My homework asks me to define a 2d array and find the max value, and the min value in the index of the max value here's how I did it
public class Main {
public static void main(String[] args) {
int[][] ar = {{11,12,9,14,60},{200,50,23,19,25},{31,100,33,34,35}};
int max = ar[0][0];
int y = 0;
for (int i = 0; i <ar.length;i++){
for (int k=0;k < ar[i].length;k++){
if (ar[i][k] > max) {
max = ar[i][k];
y = i;
}
}
}
int minInMaxLine = ar[y][0];
for (int i =0;i<ar[y].length;i++){
if (ar[y][i] < minInMaxLine){
minInMaxLine = ar[y][i];
}
}
System.out.println("Max value is : "+max);
System.out.println("Index of max value is : "+y);
System.out.println("Min value in max value's index is : "+minInMaxLine);
}
}
this outputs :
Max value is : 200
Index of max value is : 1
Min value in max value's index is : 19
2 Answers 2
This approach looked great I think you should try to consider more cases then the ones you added in your example your algorithm should consider cases as if the 2d array was null as well. For reference please click here.

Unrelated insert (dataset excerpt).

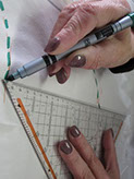 Bei der Anprobe wird die Weite an den Nähten abgesteckt, die Länge abgerundet und Details besprochen. Dazu gehört z.B. der Sitz einer Klappentasche, die Anzahl und der Abstand der Knöpfe oder andere gewünschte Finessen. Auch werden Verzierung, Bänder, Rüschen etc. veranschaulicht angesteckt, insofern das Modell dieses vorsieht.

I don't think it can get much simpler or more straightforward than your code. One way to improve upon what you already have is to also handle the case that the maximum value occurs more than once. True, the exercise does not prescribe how to deal with this situation, but it's something you might want to consider.
You could also choose a more meaningful variable name for y, like you did with the other variables.